4. The “Conflicts” of Men’s interests

by Ayn Rand

Some students of Objectivism find it difficult to grasp the Objectivist principle that “there are no conflicts of interests among rational men.”

A typical question runs as follows: “Suppose two men apply for the same job. Only one of them can be hired. Isn’t this an instance of a conflict of interests, and isn’t the benefit of one man achieved at the price of the sacrifice of the other?”

There are four interrelated considerations which are in­volved in a rational man’s view of his interests, but which are ignored or evaded in the above question and in all simi­lar approaches to the issue. I shall designate these four as: (a) “Reality,” (b) “Context,” (c) “Responsibility,” (d) “Effort.”

(a) Reality. The term “interests” is a wide abstraction that covers the entire field of ethics. It includes the issues of: man’s values, his desires, his goals and their actual achieve­ment in reality. A man’s “interests” depend on the kind of goals he chooses to pursue, his choice of goals depends on his desires, his desires depend on his values—and, for a rational man, his values depend on the judgment of his mind.

Desires (or feelings or emotions or wishes or whims) are not tools of cognition; they are not a valid standard of value, nor a valid criterion of man’s interests. The mere fact that a man desires something does not constitute a proof that the object of his desire is good, nor that its achievement is actually to his interest.

To claim that a man’s interests are sacrificed whenever a desire of his is frustrated—is to hold a subjectivist view of man’s values and interests. Which means: to believe that it is proper, moral and possible for man to achieve his goals, regardless of whether they contradict the facts of reality or not. Which means: to hold an irrational or mystical view of existence. Which means: to deserve no further consideration.

In choosing his goals (the specific values he seeks to gain and/or keep), a rational man is guided by his thinking (by a process of reason)—not by his feelings or desires. He does not regard desires as irreducible primaries, as the given, which he is destined irresistibly to pursue. He does not re­gard “because I want it” or “because I feel like it” as a sufficient cause and validation of his actions. He chooses and/or identifies his desires by a process of reason, and he does not act to achieve a desire until and unless he is able rationally to validate it in the full context of his knowledge and of his other values and goals. He does not act until he is able to say: “I want it because it is right.”

The Law of Identity (A is A) is a rational man’s para­mount consideration in the process of determining his inter­ests. He knows that the contradictory is the impossible, that a contradiction cannot be achieved in reality and that the attempt to achieve it can lead only to disaster and destruc­tion.

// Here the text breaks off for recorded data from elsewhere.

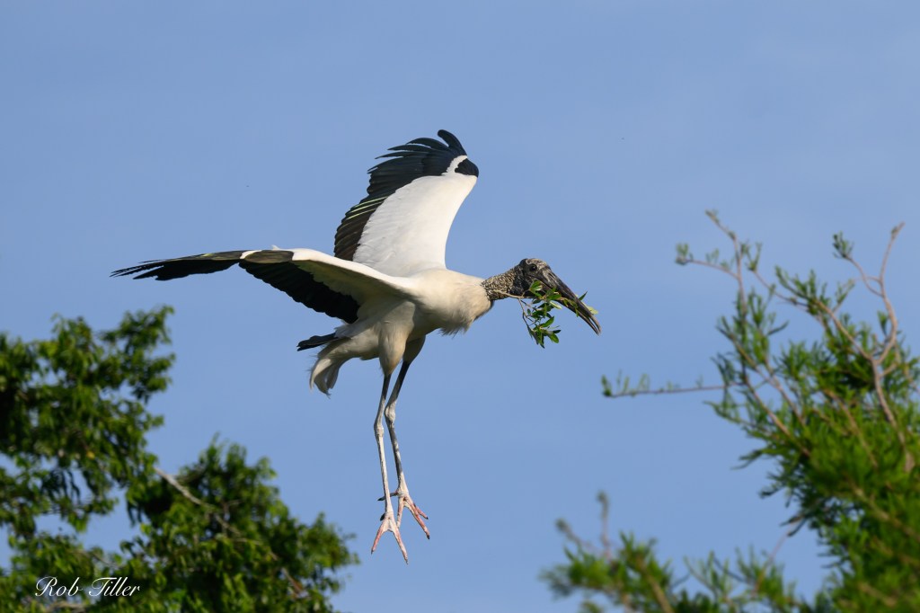 A board walk above many alligators curves through trees, and the birds build their nests in those trees.  Some nests are almost close enough to reach out and touch, and others not much farther.  The birds sit on eggs, or feed the hatchlings, and fly back and forth to get new twigs for their nests.  At times it’s relaxed and peaceful, but their are also unhappy hungry fledglings, squabbles between neighbors, and mating rituals between partners.
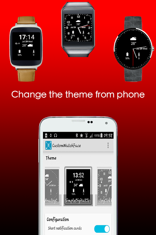 Do you want to change the watch face? Easy for now, CustomWatchFace let you set up multiple configurations from your phone and apply to your android wear for several informations ~
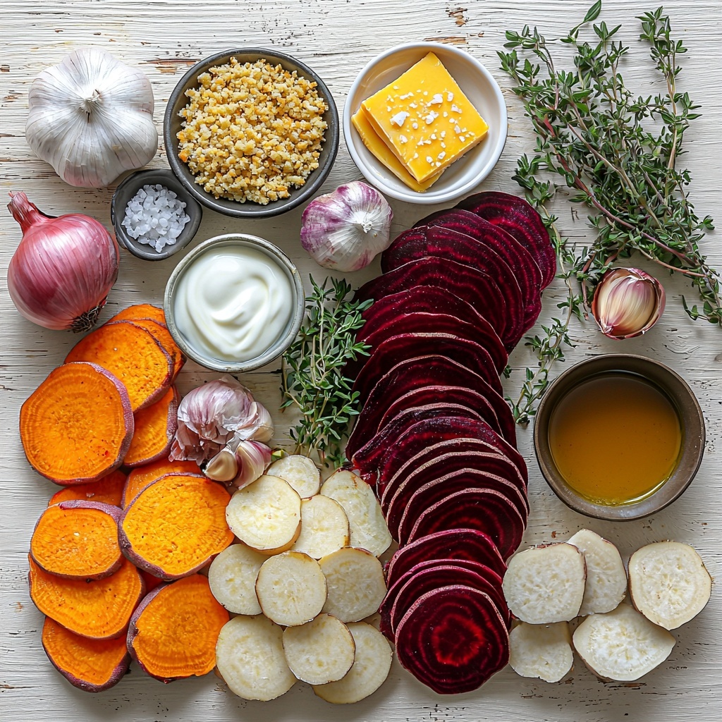 - Layer vegetables: In a mixing bowl, toss the thinly sliced beets, parsnips, onion, garlic, and optional sweet potato or carrot with salt, pepper, and a small amount of olive oil. Arrange the vegetables evenly in the baking dish, alternating colors for an attractive presentation if desired.
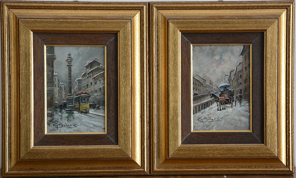 Ignoto "Naviglio sotto la neve, Milano" e "Scorcio di Milano con tram" due dipinti ad olio su tavola (cm 16.5x11) Recano firma G.Solenghi. In cornici
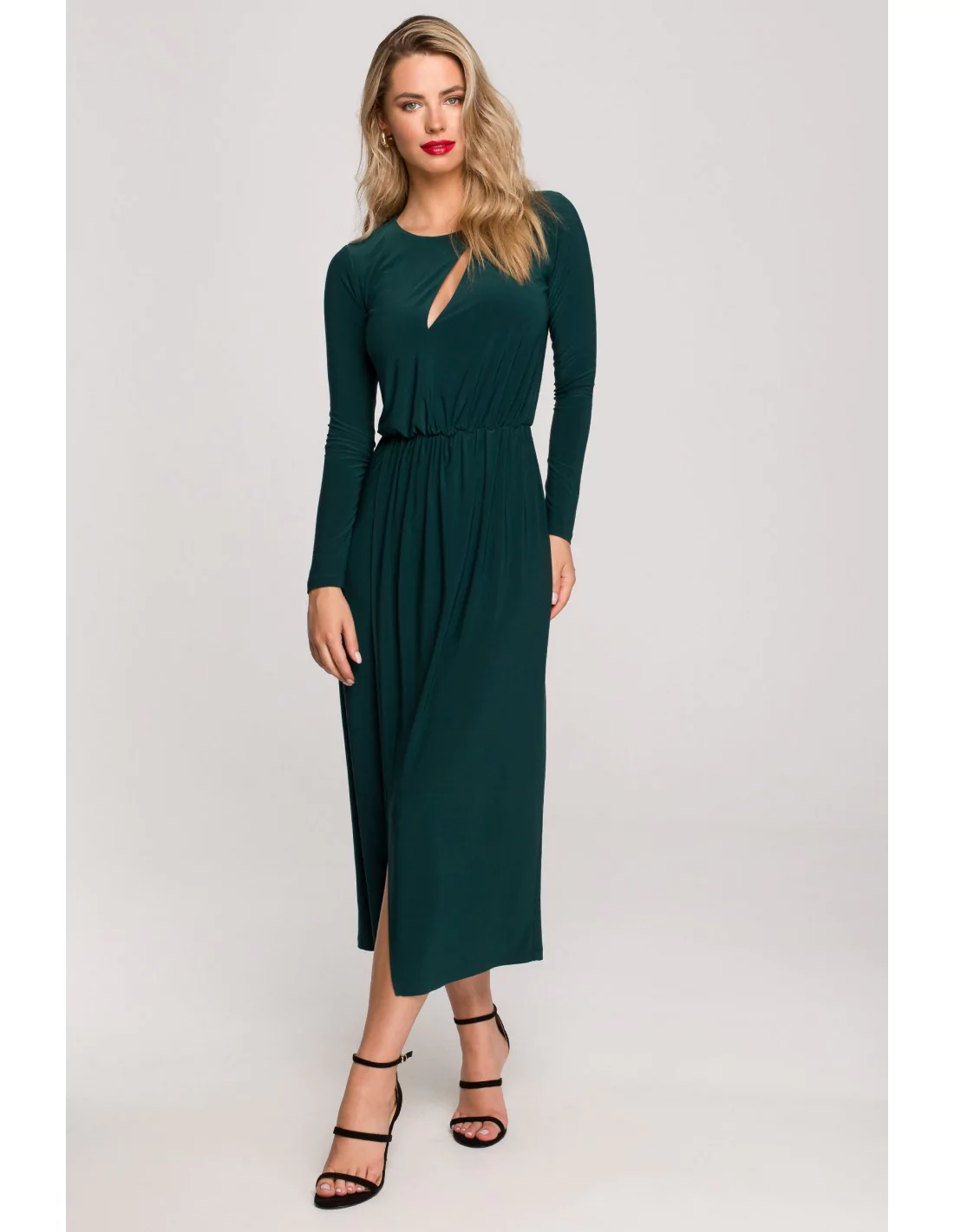 CM6896 Sukienka maxi z rozcięciem w dekolcie - butelkowa zieleń
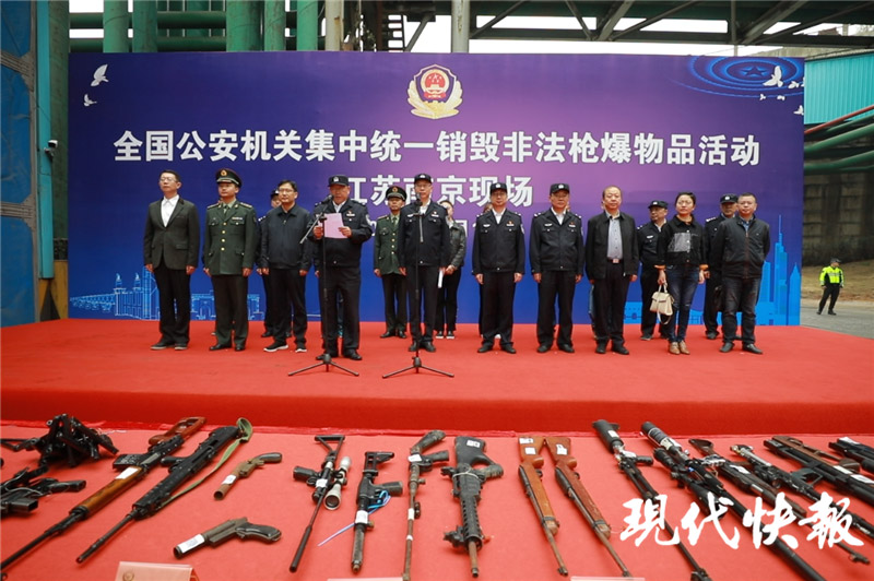 江蘇省公安廳黨委副書記、常務(wù)副廳長(zhǎng)尚建榮,省和南京市打擊整治槍支爆炸物品違法犯罪聯(lián)席會(huì)議部分成員單位和社會(huì)各界代表,在南鋼中心現(xiàn)場(chǎng)參加銷毀活動(dòng)。

Therefore, he does not permit himself to hold contra­dictory values, to pursue contradictory goals, or to imagine that the pursuit of a contradiction can ever be to his interest.

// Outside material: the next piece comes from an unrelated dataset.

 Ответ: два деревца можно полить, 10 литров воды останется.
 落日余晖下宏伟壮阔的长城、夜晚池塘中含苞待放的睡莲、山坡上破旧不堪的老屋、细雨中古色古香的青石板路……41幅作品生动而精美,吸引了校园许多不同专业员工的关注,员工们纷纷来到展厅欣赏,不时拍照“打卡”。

Only an irrationalist (or mystic or subjectivist—in which category I place all those who regard faith, feelings or de­sires as man’s standard of value) exists in a perpetual con­flict of “interests.” Not only do his alleged interests clash with those of other men, but they clash also with one another.

No one finds it difficult to dismiss from philosophical con­sideration the problem of a man who wails that life entraps him in an irreconcilable conflict because he cannot eat his cake and have it, too. That problem does not acquire intel­lectual validity by being expanded to involve more than cake—whether one expands it to the whole universe, as in the doctrines of Existentialism, or only to a few random whims and evasions, as in most people’s views of their interests.

When a person reaches the stage of claiming that man’s interests conflict with reality, the concept “interests” ceases to be meaningful—and his problem ceases to be philosophi­cal and becomes psychological.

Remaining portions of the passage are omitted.